If one wants to go into details there will be phases that could be modeled quantum mechanically, but no longer simple one electron states. Have a look to get at the complexity here.

Edit after comment by OP:

But in the cyclotron, the rotation of an electron around its own axis and the motion around the orbit are coupled. So the integral over the vector potential A can be taken. What is the result? That is what I want to know.

The electron is a quantum entity, and the phase is a phase within the Ψ wavefunction of the electron, which is a function of (x,y,z,t) and the energy momentum of the fourvector of the electron. In the probability distribution which is the complex conjugate squared of the wavefunction there are no phases. Phases have a measurable effect only in interference terms, otherwise they are irrelevant specialized experiments have to be designed to "measure" the phase.

Answer 3

... in spin up state ... the spin points always away from the axis above the rotation plane, and for spin down it always points away below the rotation plane? (Assuming "above" is where the magnetic field B points to.)

The direction of the spin up and down has two meanings, which is unfortunately sometimes not distinguished.

1. In atoms two electrons couldn’t be identical in all quantum numbers. From Wikipedia:

   if two electrons reside in the same orbital, and if their n, ℓ, and mℓ values are the same, then their $m_s$ (spin quantum number) must be different, and thus the electrons must have opposite half-integer spins of 1/2 and −1/2.

   This statement is misleading. The spin of the electron is always 1/2. But the orientation of the magnetic dipole moments of two electrons with identical n, ℓ, and mℓ must be different. The two electrons are anti-aligned and this is expressed as up and down.

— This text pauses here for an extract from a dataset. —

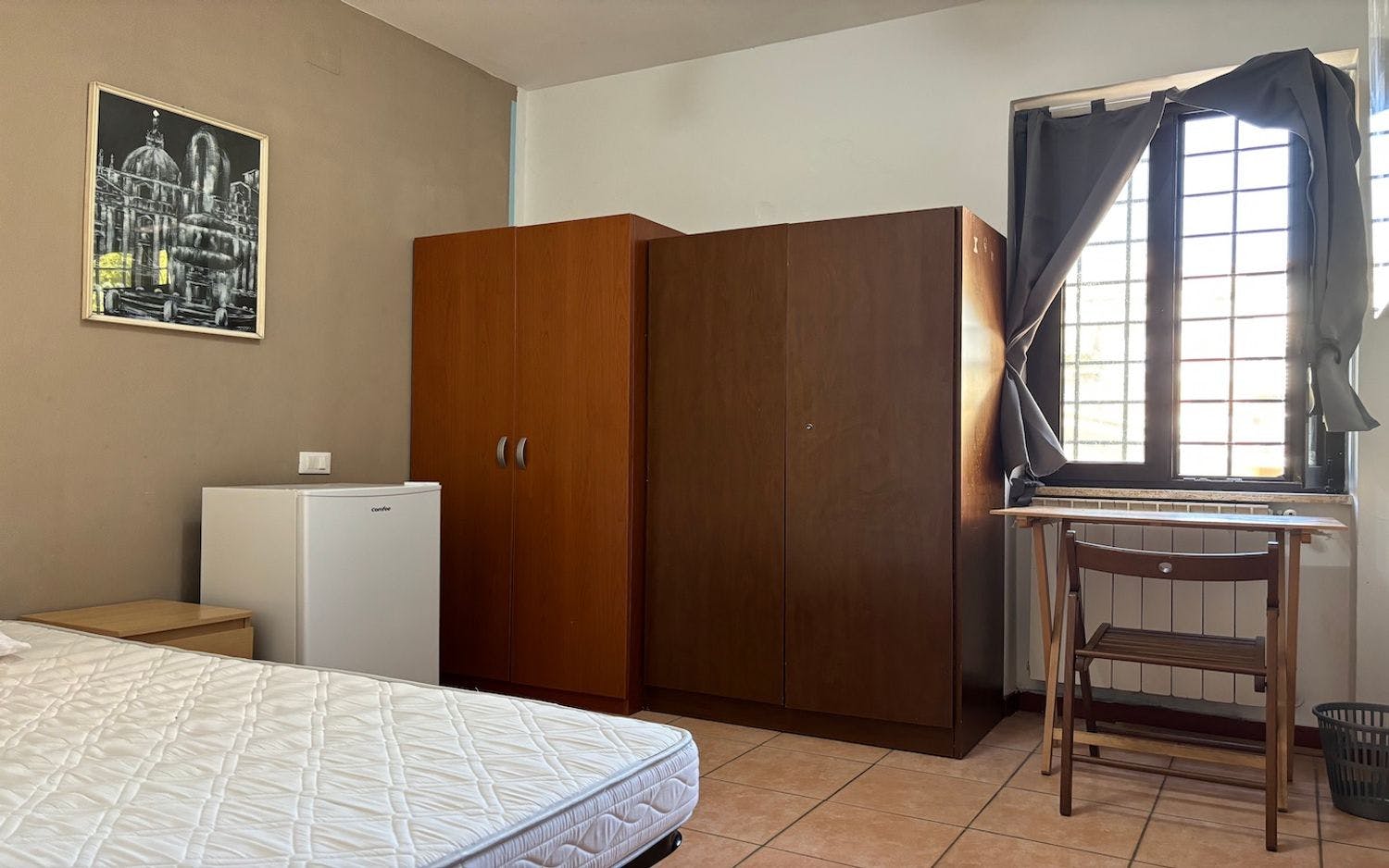 Single room with private fridge and private bathroom for rent in a residence for (hidden)/young workers in Portuense area, near the American University of Rome and convenient for Roma Tre University. The residence has 30 bedrooms, a kitchen, a living room, a laundry room and 17 bathrooms. The one-time administration fee (different from the booking fee of the platform) is NOT REFUNDABLE in case of cancellation by the tenant. The fee covers different activities done before your arrival, at your arrival, and during your stay. These activities are: - Maintenance before arrival - Drafting the contract - Assisted check in - Keys at hand at check in - Delivery of a ready-to-use room - Monthly apartment cleaning A payment request will be sent to you after the booking is confirmed. IMPORTANT It's not possible to check in/out outside of the schedule below or during a holiday (example: Christmas, New Year, Ester, Sundays, etc.). No exceptions will be made. CHECK IN / OUT TIME: Monday – Friday: 9.30 - 18.00 (by appointment) Saturday: 10.30 - 12.00 with an extra cost of 50 euros (by appointment and based on our availability). Please be aware that HousingAnywhere is an online booking platform. Therefore exchanging contact details and offering viewings is not possible. If you would like to reserve this accommodation, send me a booking request or a message and please mention your age and occupation. I look forward to meeting you!...

2. Spin and magnetic dipol moment of a subatomic particle are clearly coupled. Let as assume that for the electron - by arbitrary definition - the spin points into the direction of the north pole of its magnetic dipole moment and we may call this spin up or 1/2 spin. Then for the positron as well as for the proton the spin points in the opposite direction to the north pole and call then this spin down or to distinguish it -1/2 spin.

The magnetic dipole moment and the related spin of the subatomic particles are intrinsic (existing under all circumstances) properties and this is the reason that Larmor precession and Lorentz force are observable and the magnetic dipole moment is asssociated with a spin.

Comming back to your statement above, the magnetic dipole moment of all the electrons gets aligned by the external magnetic field and the spin of all the electrons always points in the same direction to the external magnetic field. (For the positron, their magnetic dipole moment gets aligned in the same manner as for electrons, but the spin points in the opposite to the electrons direction. The manifestation for this is the Lorentz force, which directions are opposite for electron and positron.)

Electrons have spin 1/2. This means that their wave function comes back to itself after a rotation by 4π. In the cyclotron motion, what happens to the wave function phase after one full orbit around B in physical space: did the phase rotate by 2π or by 4π, or by another value?

Due to Wikipedia a spin 1/2 particle is imaginable as follows:

A single point in space can spin continuously without becoming tangled. Notice that after a 360-degree rotation, the spiral flips between clockwise and counterclockwise orientations. It returns to its original configuration after spinning a full 720 degrees.

What has the imagination, of how a half spin could be visualized, to do with the behavior of a moving electron in a magnetic field? Does the trajectory of the electron changes after one or two revolutions in the cyclotron? The answer has to be clearly no. So the phase stays unremained.